[[ SUPPLIED MATERIAL, beginning ]]
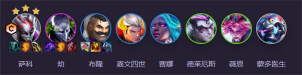 这些英雄的组合能够带来优秀的输出和防御能力,萨科、劫和薇恩作为主要的输出点,而布隆、嘉文和蒙多则提供了足够的防御和控制。
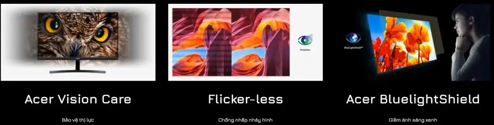 Không chỉ sở hữu thông số kỹ thuật ấn tượng trong tầm giá phổ thông từ 3 đến 4 triệu đồng, Acer còn trang bị cho bộ đôi màn hình Nitro KG0 Series 2025 – KG240Y X1 & KG270 X1 bộ công cụ Acer VisionCare bảo vệ thị lực cho nhu cầu sử dụng lâu dài của người dùng như các Game thủ, lập trình viên, nhà văn, nhân viên văn phòng, học sinh sinh viên hay nhà thiết kế đồ họa – giúp giảm mỏi mắt và mang lại trải nghiệm sử dụng thoải mái nhất.
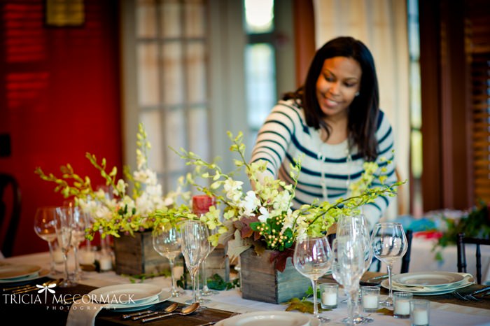 During our stay we were also required to take part in a tabletop competition. The challenge was to choose an invitation suite from Crane’s invitation line, and design a table around it. I chose Crane’s Plum Blossom letterpress invitation. We were also allowed to choose flowers, linens, china and glassware, graciously provided to us by Classical Tent & Party Rentals and Seagroatt Riccardi. Then, we had to choose a location at our Inn to design the table. In researching my Inn, I found that the owners were from Italy, and the Inn had a very warm Italian feel to it. This was perfect to create a very vineyard like setting. I chose simple linens and orchids, along with a farm top table to make my idea come to life. I was lucky to have the very talented Tricia McCormack shoot my table design, she did such an amazing job capturing all the little details. Check out some images from the shoot. You’ll see the invitation I chose on the table and me in action. Also, below all of those pictures, you’ll see my friend Rudy Grant of Experience and Creative Design. Rudy also stayed at the Gateways Inn and he went with a beach theme for his design. After we poured all that wine in our wine glasses for the shoot, we realized that we had to drink.. I know what you’re thinking, poor girl….
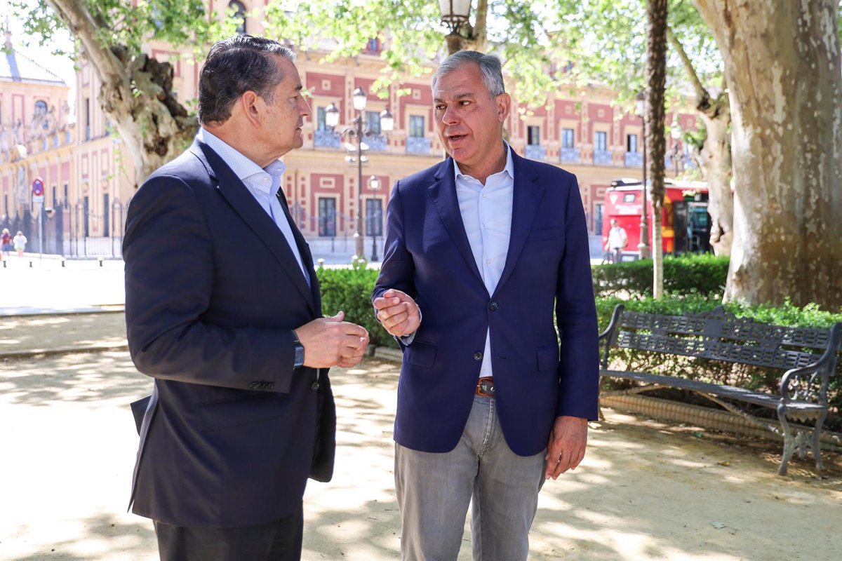 El vicesecretario de Coordinación Institucional del PP de Andalucía, Antonio Sanz, junto al candidato del PP a la Alcaldía de Sevilla, José Luis Sanz, ha recordado este jueves las inversiones del Gobierno de la Junta de Andalucía en Sevilla capital. Así, Antonio Sanz ha destacado que, desde 2019 a 2023, se han invertido un total de 545,35 millones de euros y ya hay "comprometidos" 1.502 millones de euros, contando con el Metro, la Ciudad de la Justicia, obras en centros educativos y diferentes actuaciones en centros sanitarios y hospitales.
[[ SUPPLIED MATERIAL, end ]]
#### TASK TO COMPLETE
Give back, exactly as written, the lines from the top of the material above to the line containing "Không chỉ sở", both included; skip every picture.

#### SOLVED EXERCISE
 这些英雄的组合能够带来优秀的输出和防御能力,萨科、劫和薇恩作为主要的输出点,而布隆、嘉文和蒙多则提供了足够的防御和控制。
 Không chỉ sở hữu thông số kỹ thuật ấn tượng trong tầm giá phổ thông từ 3 đến 4 triệu đồng, Acer còn trang bị cho bộ đôi màn hình Nitro KG0 Series 2025 – KG240Y X1 & KG270 X1 bộ công cụ Acer VisionCare bảo vệ thị lực cho nhu cầu sử dụng lâu dài của người dùng như các Game thủ, lập trình viên, nhà văn, nhân viên văn phòng, học sinh sinh viên hay nhà thiết kế đồ họa – giúp giảm mỏi mắt và mang lại trải nghiệm sử dụng thoải mái nhất.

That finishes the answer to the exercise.